Половина желтого солнца — страница 52 из 79

Нкирука, ее лучшая ученица, оттенила лица и несколькими штрихами снабдила Говона злобным оскалом, а Его Превосходительству подарила широкую улыбку.

– Я хочу убить всех вандалов, мисс, – сказала Нки-рука, подходя к Оланне, чтобы отдать рисунок. На губах ее играла улыбка отличницы, осознающей свою правоту.

Дома, когда Оденигбо вернулся, Оланна рассказала ему, как легко слетело с уст ребенка слово «убить» и как ее обожгло чувство вины. Они сидели в спальне, тихо бормотало радио, за стеной звонко смеялась Малышка.

– Никого она не собирается убивать, нкем. Просто ты привила ей любовь к родине. – Оденигбо избавился от туфель.

– Не знаю, не знаю…

Однако слова Оденигбо и гордость на его лице воодушевили Оланну. Ему понравилось, что в этот раз она горячо говорила о правом деле, как полноправная его участница.

– Красный Крест сегодня вспомнил о нашем директорате. – Оденигбо кивнул на коробку, что принес с работы.

Оланна открыла коробку и выложила на кровать пузатые банки сгущенки, высокую узкую жестянку молочного коктейля и пачку соли.
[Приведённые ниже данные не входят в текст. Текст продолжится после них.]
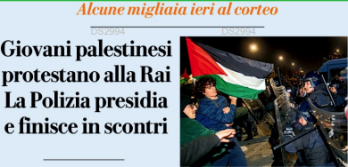 Quando hanno provato a fare pressione contro i cancelli della Rai di Bologna, in via della Fiera, è scattata la carica delle forze dell’ordine. Spintoni e manganellate da una parte e un fitto lancio d’oggetti e fumogeni dall’altra. Ieri sera ci sono stati attimi di grande tensione durante una manifestazione pro Palestina alla quale hanno preso parte tra le 2.000 e le 2.500 persone. I partecipanti si sono dati appuntamento intorno alle 18 per protestare «contro la censura dei tg nazionali che nasconde i massacri che si stanno verificando nella striscia di Gaza». Per questo i manifestanti pretendevano che durante il Tgr dell’Emilia-Romagna fosse letto integralmente un loro documento. A “trattare” con gli organizzatori del presidio sono scesi in strada il caporedattore Filippo Vendemmiati e il direttore della sede Stefano Tura. Vendemmiati ha personalmente parlato con i rappresentanti dei manifestanti sul servizio che è poi andato in onda al Tg delle 19. Gli attivisti avrebbero voluto la lettura dell’intero documento poi si è poi trovato un accordo sui passaggi più “significativi”. Ossia la «richiesta di dimissioni di Roberto Sergio», amministratore delegato della Rai, e la critica «alla linea editoriale dell’informazione schiacciata sulla narrazione israeliana che tace sui 28mila morti palestinesi». Dopo aver ottenuto le rassicurazioni dai vertici Rai dell’Emilia-Romagna la manifestazione si è spostata con un lungo corteo che ha sfilato accanto alla sede della Regione, lungo via Stalingrado, attraverso porta Mascarella e via Irnerio, per poi raggiungere Piazza XX settembre, dove il raduno si è sciolto. Inizialmente si doveva trattare di un presidio simbolico sotto la Rai, ma l’iniziativa dell’associazione dei Giovani palestinesi si è trasformata in qualcosa di più consistente. Nel giro di circa un’ora, infatti, al centinaio di militanti iniziali si sono unite tantissime altre persone. Studenti soprattutto, sia universitari che delle superiori, e poi molte famiglie, organizzazioni sindacali di base e movimenti dell’area di sinistra. Bandiere della Palestina, alcuni striscioni, tanti cartelli e soprattutto slogan. Tra le tante scritte “Stop al genocidio”. Al posto della “a” di Rai è stata dipinta la stella di David. Tanti i cori per dire che l’informazione nazionale «parla soltanto del 7 ottobre, ma mai delle migliaia di bambini innocenti assassinati nella striscia». II Cdr della Rai emiliano- romagnola, in serata ha diramato una nota nella quale afferma: «La libertà di espressione e di manifestazione è un diritto costituzionale insopprimibile, anche quando divide o dà fastidio. La violenza invece non è mai accettabile». Solidarietà all’ad della Rai arriva dal console di Israele per Toscana, Emilia-Romagna e Lombardia, Marco Carrai.
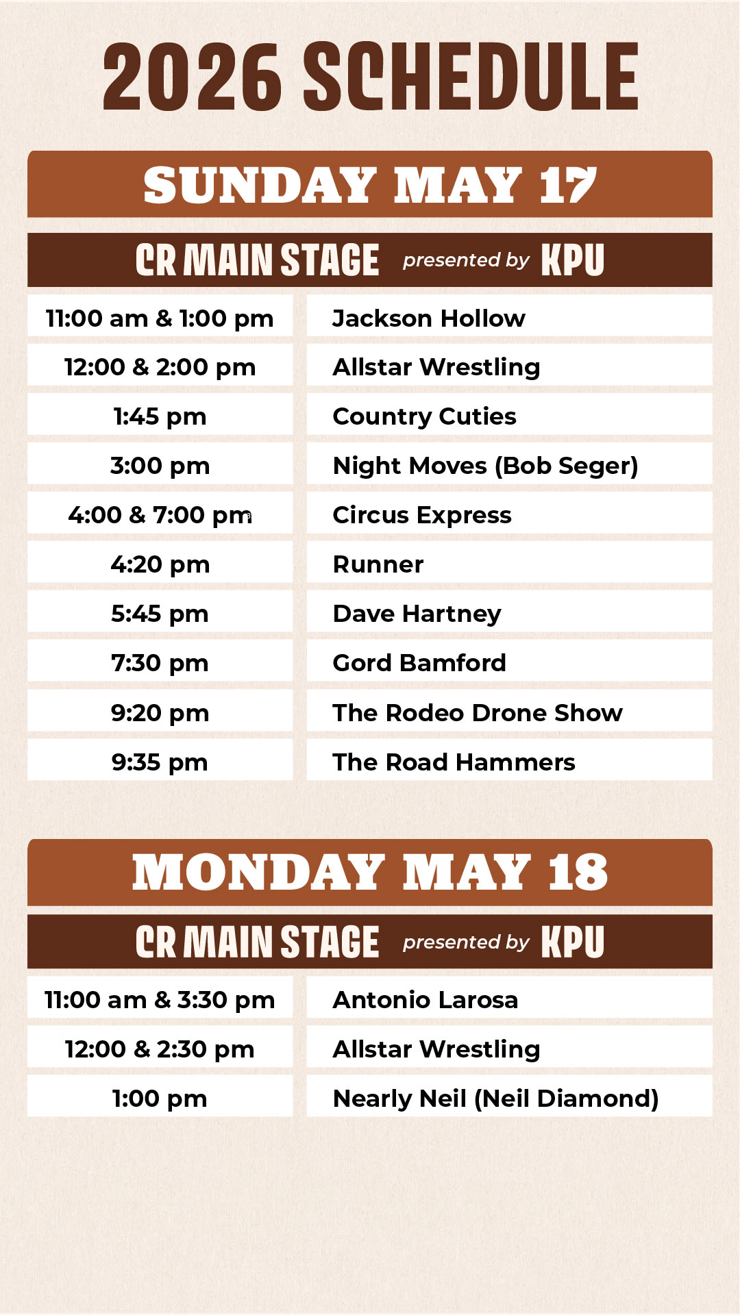 You can’t miss it! The CR Corral is located in the heart of the fairgrounds! (62 ave) Look for the giant stage and big CR Corral archways.
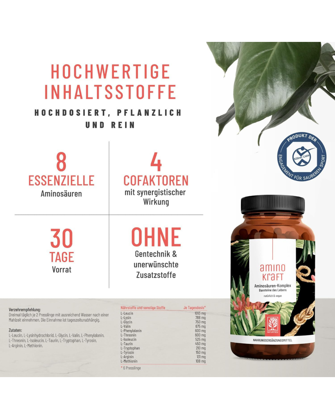 Naturtreu Aminokraft Aminosäuren-Komplex, 180 Kapseln Produktdetails
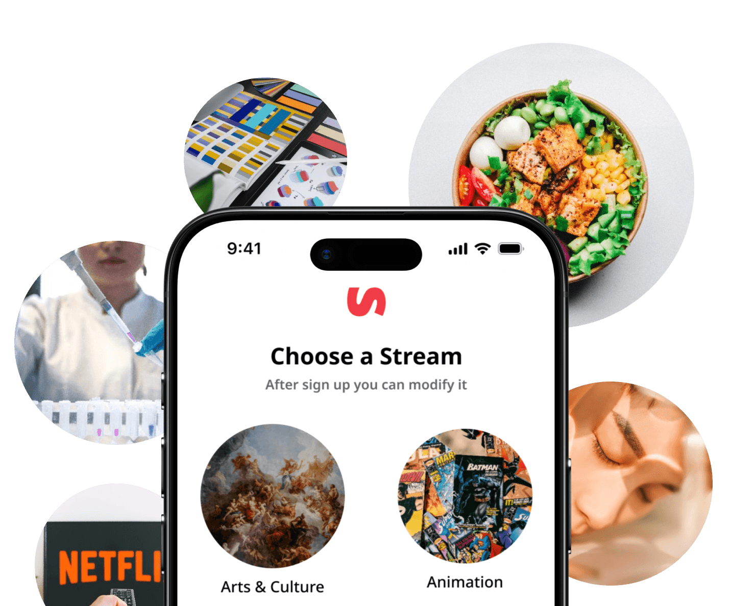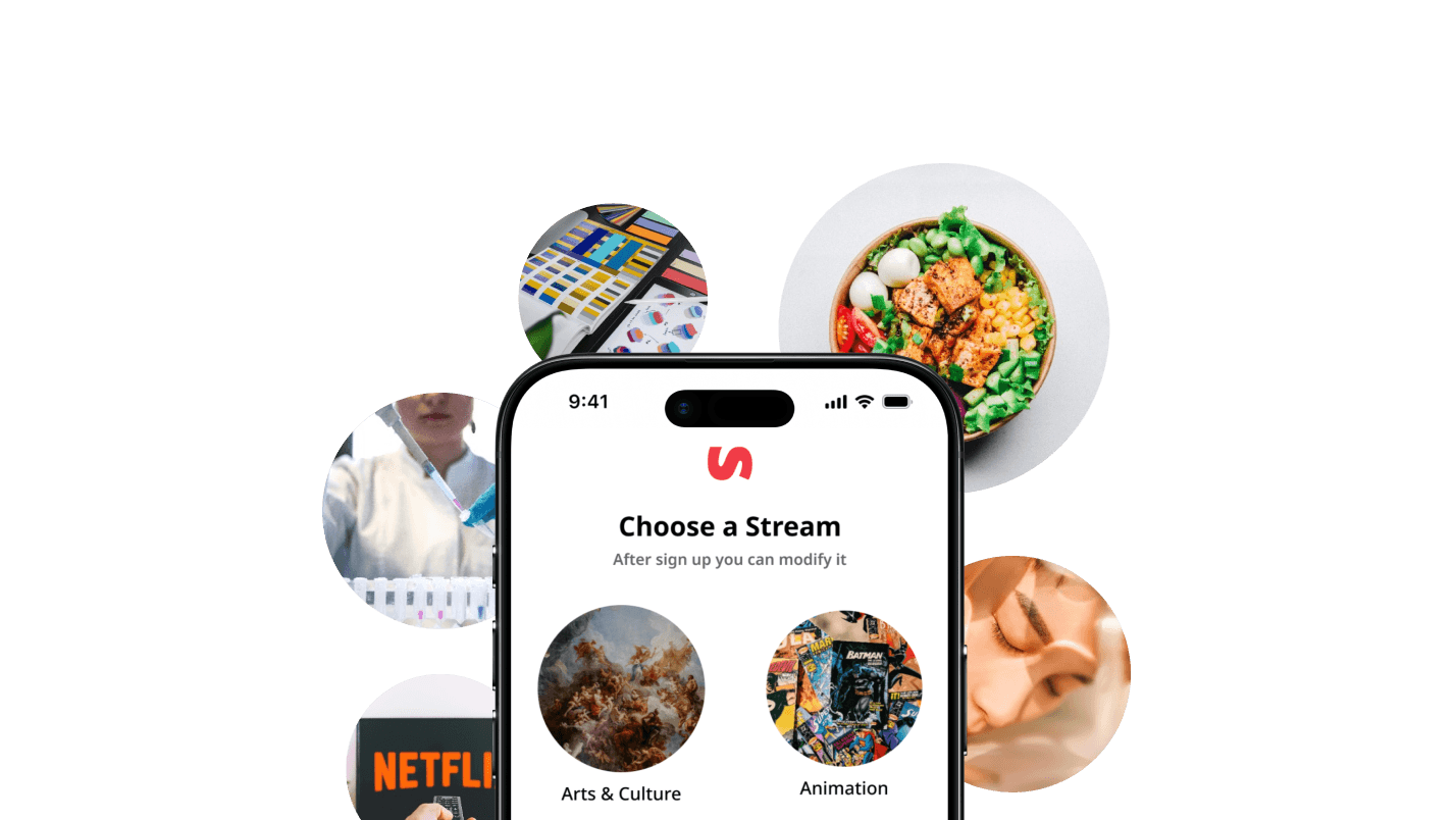 Instead of one endless feed, Streams lets you explore content by category—giving you complete control over what shows up.

Настоящее сокровище. Звучный голос сообщил по радио, что доблестные защитники Биафры теснят врага под Абакалики.

– Давай устроим праздник! – воскликнула Оланна.

– Праздник?

– Пусть скромный, но все же праздничный ужин. Ну, знаешь, как когда-то в Нсукке.

– Войне скоро конец, нкем, и мы вволю напразднуемся в свободной Биафре.

– Верно, но и война нам не помешает устроить праздник.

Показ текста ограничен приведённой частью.